Stored data ->
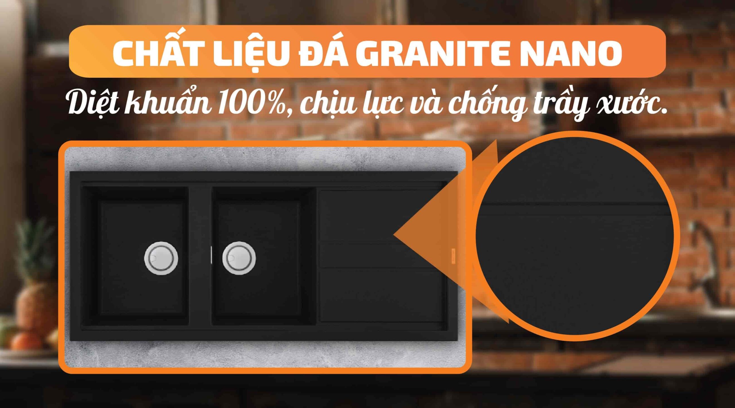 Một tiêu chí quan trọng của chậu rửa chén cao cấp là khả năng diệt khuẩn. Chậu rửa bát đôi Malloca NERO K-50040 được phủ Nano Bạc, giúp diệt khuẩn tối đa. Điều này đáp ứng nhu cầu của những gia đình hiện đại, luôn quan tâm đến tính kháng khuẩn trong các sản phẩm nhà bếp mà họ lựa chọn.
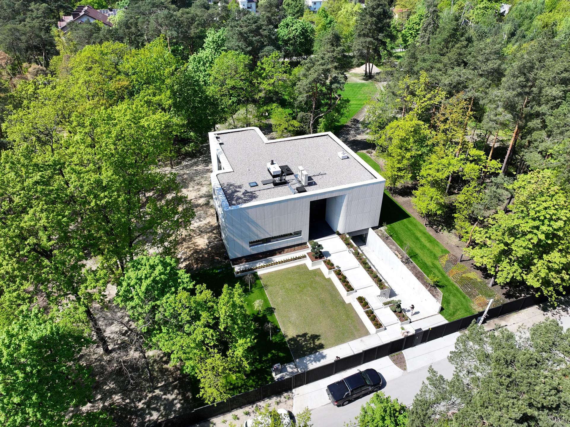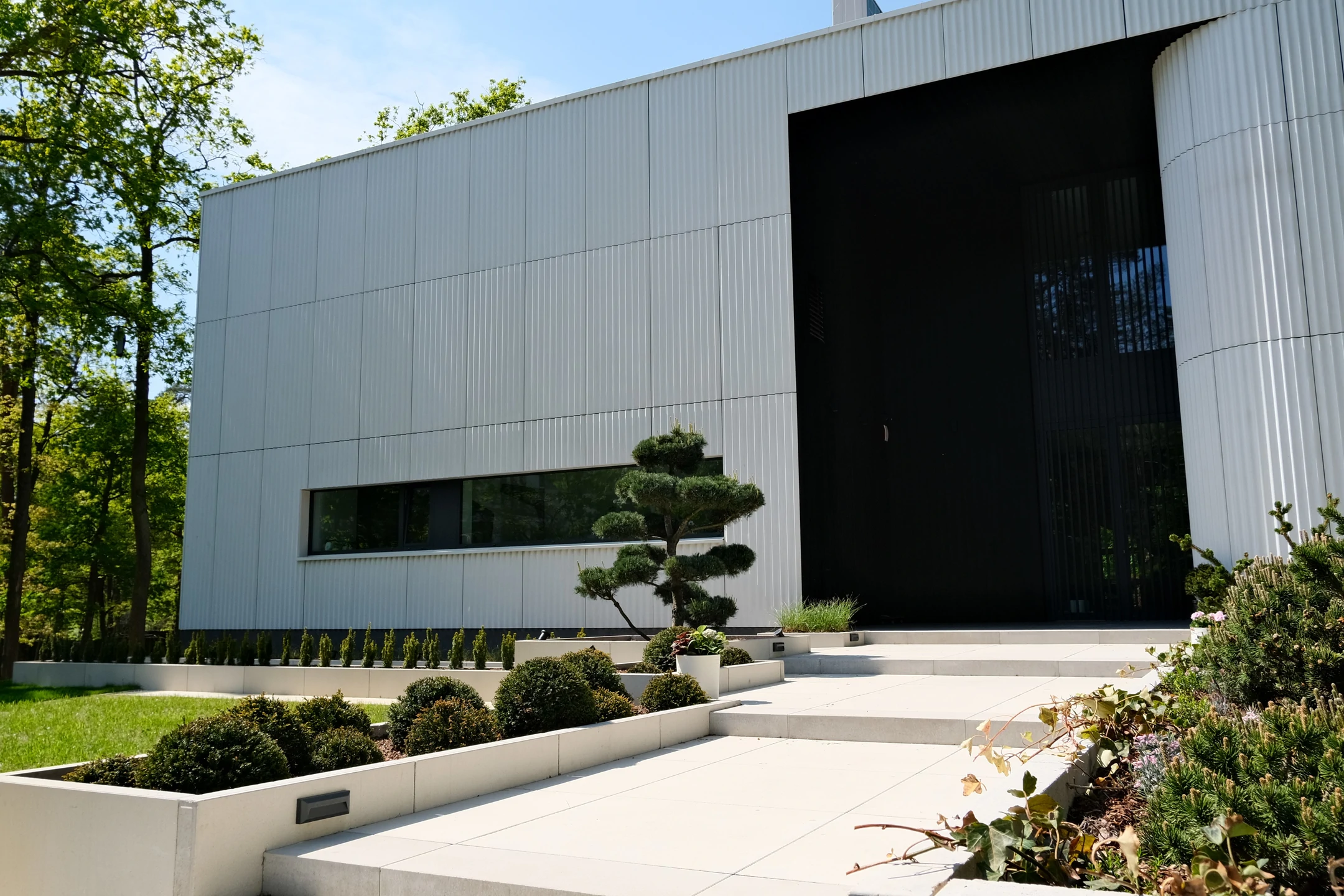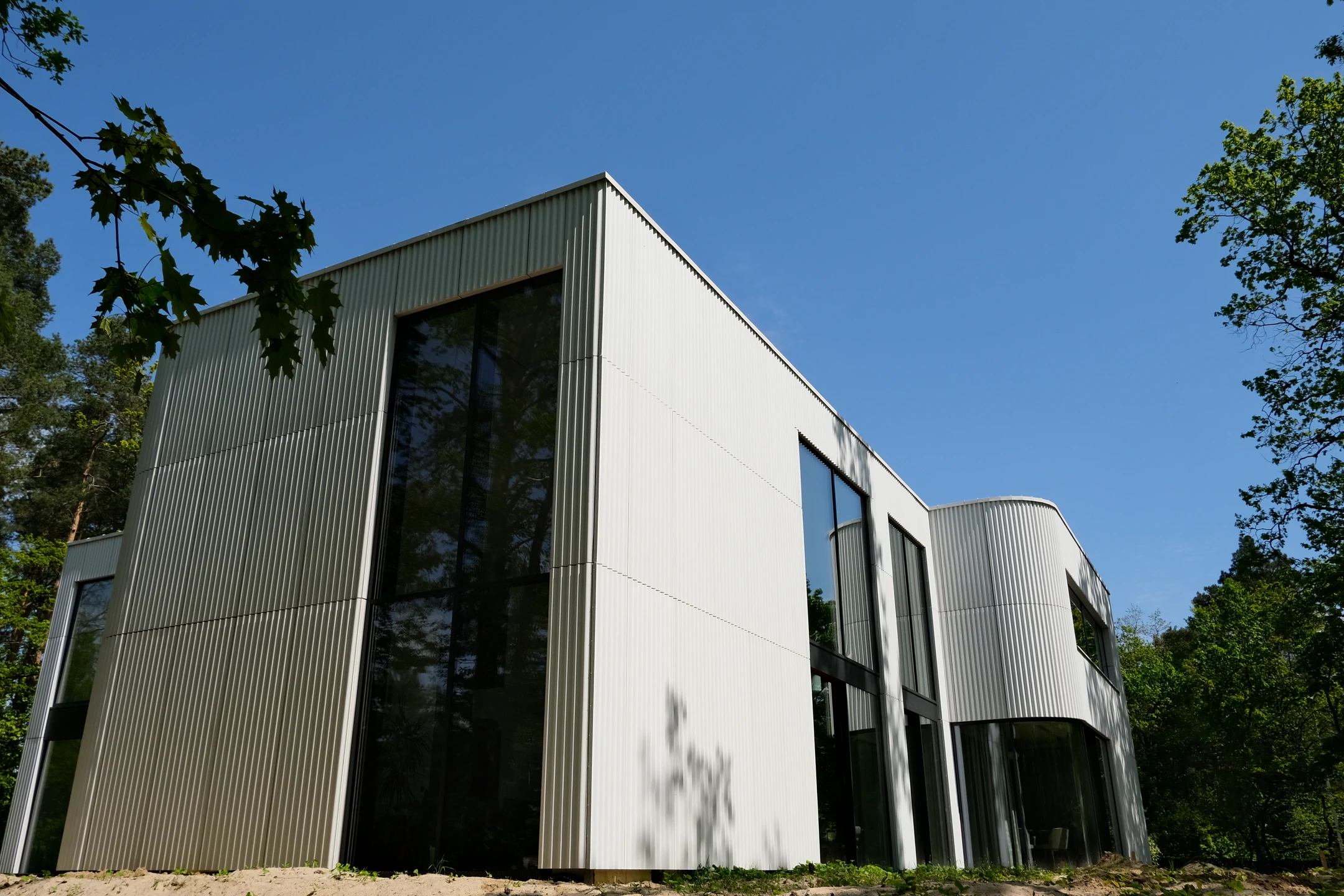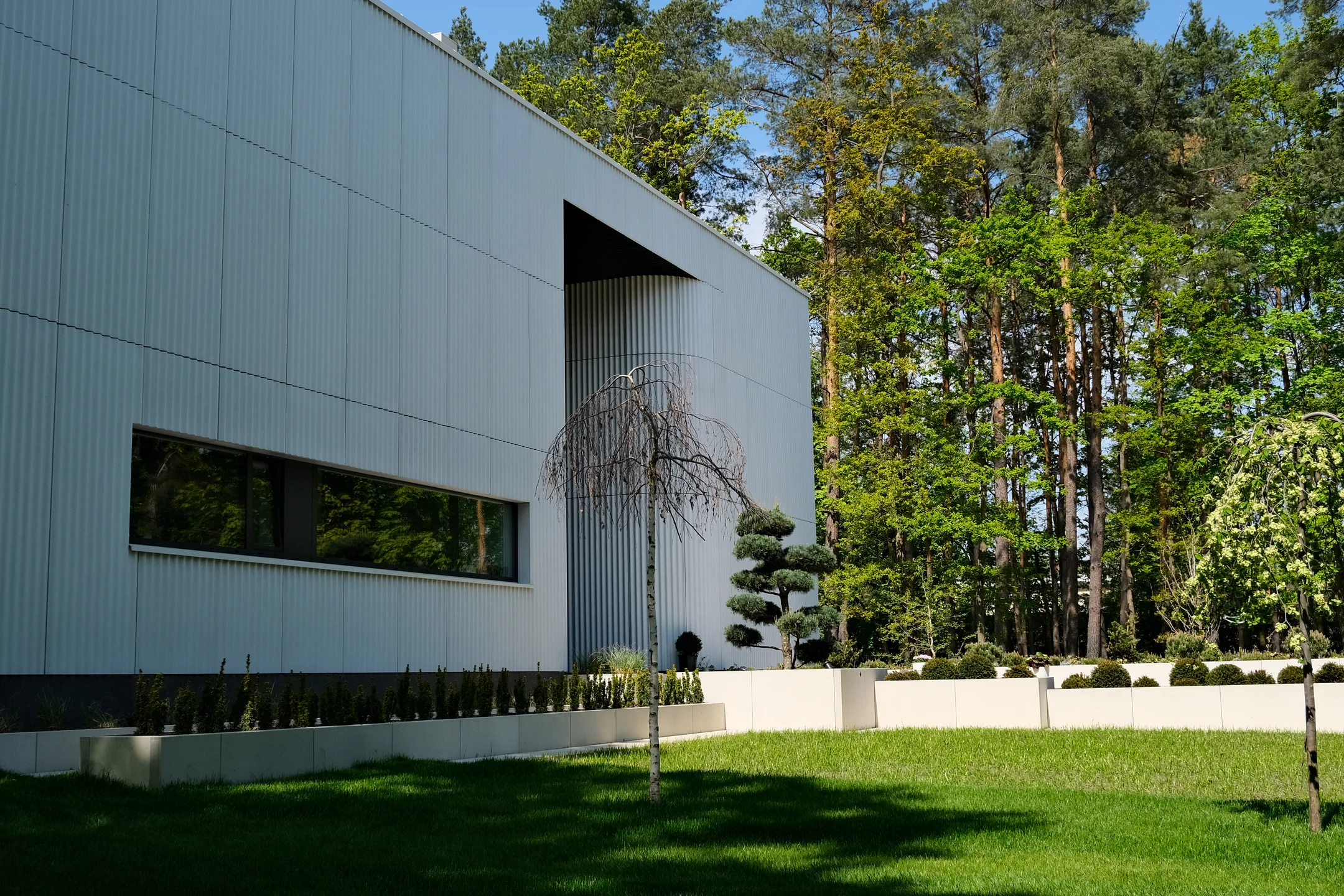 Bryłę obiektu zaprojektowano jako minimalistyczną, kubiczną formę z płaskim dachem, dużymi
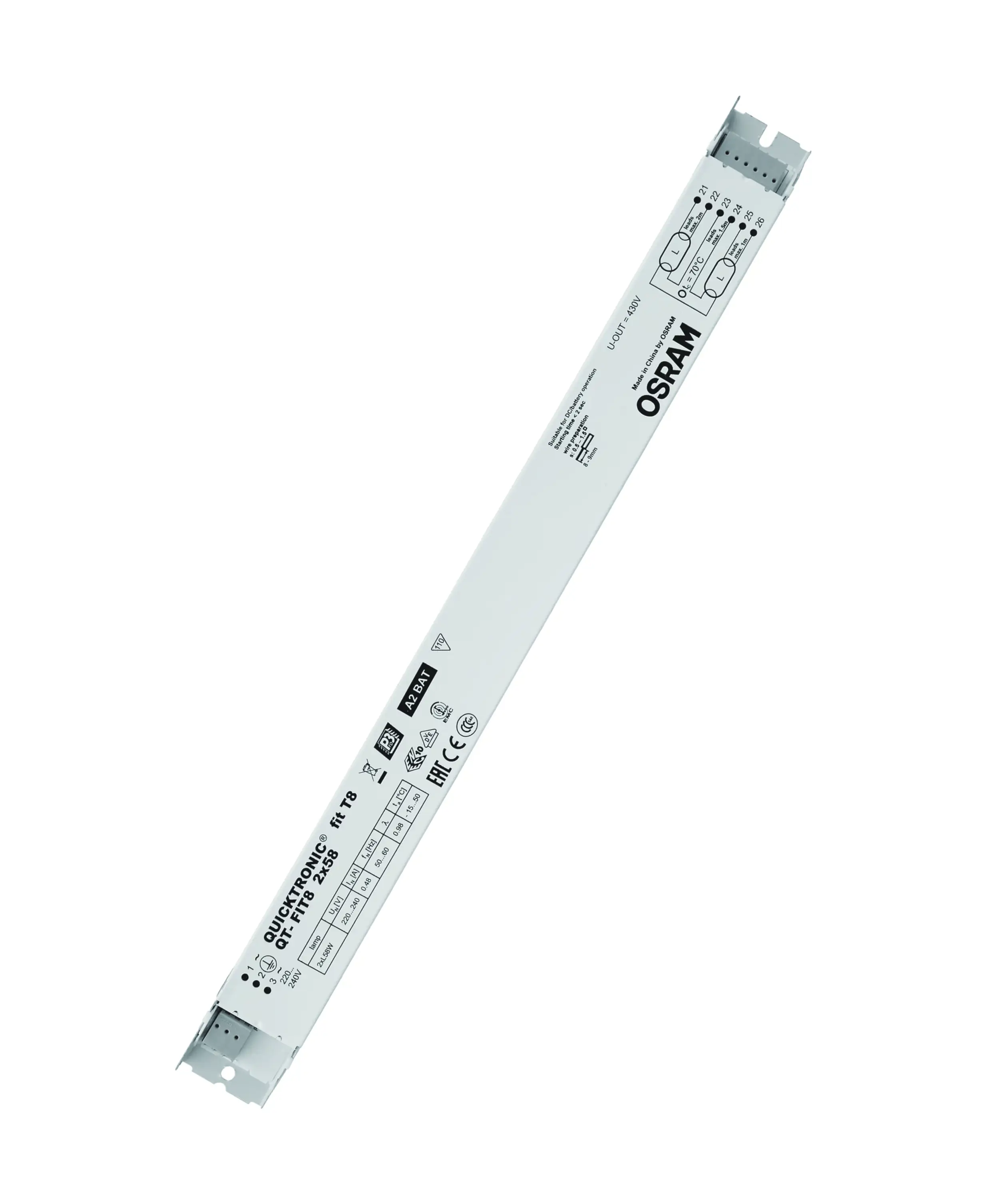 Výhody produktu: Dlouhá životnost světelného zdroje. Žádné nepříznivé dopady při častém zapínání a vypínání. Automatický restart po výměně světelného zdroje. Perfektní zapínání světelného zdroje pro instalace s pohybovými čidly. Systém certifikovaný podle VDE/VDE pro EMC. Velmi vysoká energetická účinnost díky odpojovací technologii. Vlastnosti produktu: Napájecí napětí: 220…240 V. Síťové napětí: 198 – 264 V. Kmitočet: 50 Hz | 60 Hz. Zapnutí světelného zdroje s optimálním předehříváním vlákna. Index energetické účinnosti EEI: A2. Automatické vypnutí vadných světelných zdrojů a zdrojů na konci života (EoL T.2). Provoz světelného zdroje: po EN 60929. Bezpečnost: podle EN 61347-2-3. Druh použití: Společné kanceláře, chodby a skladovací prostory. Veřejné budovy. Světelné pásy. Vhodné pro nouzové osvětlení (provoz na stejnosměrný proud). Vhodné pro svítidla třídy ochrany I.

Prompt ->
Wherever the listing shows a picture, omit it and output the rest exactly as given.

Exercise output ->
 Một tiêu chí quan trọng của chậu rửa chén cao cấp là khả năng diệt khuẩn. Chậu rửa bát đôi Malloca NERO K-50040 được phủ Nano Bạc, giúp diệt khuẩn tối đa. Điều này đáp ứng nhu cầu của những gia đình hiện đại, luôn quan tâm đến tính kháng khuẩn trong các sản phẩm nhà bếp mà họ lựa chọn.
 Bryłę obiektu zaprojektowano jako minimalistyczną, kubiczną formę z płaskim dachem, dużymi
 Výhody produktu: Dlouhá životnost světelného zdroje. Žádné nepříznivé dopady při častém zapínání a vypínání. Automatický restart po výměně světelného zdroje. Perfektní zapínání světelného zdroje pro instalace s pohybovými čidly. Systém certifikovaný podle VDE/VDE pro EMC. Velmi vysoká energetická účinnost díky odpojovací technologii. Vlastnosti produktu: Napájecí napětí: 220…240 V. Síťové napětí: 198 – 264 V. Kmitočet: 50 Hz | 60 Hz. Zapnutí světelného zdroje s optimálním předehříváním vlákna. Index energetické účinnosti EEI: A2. Automatické vypnutí vadných světelných zdrojů a zdrojů na konci života (EoL T.2). Provoz světelného zdroje: po EN 60929. Bezpečnost: podle EN 61347-2-3. Druh použití: Společné kanceláře, chodby a skladovací prostory. Veřejné budovy. Světelné pásy. Vhodné pro nouzové osvětlení (provoz na stejnosměrný proud). Vhodné pro svítidla třídy ochrany I.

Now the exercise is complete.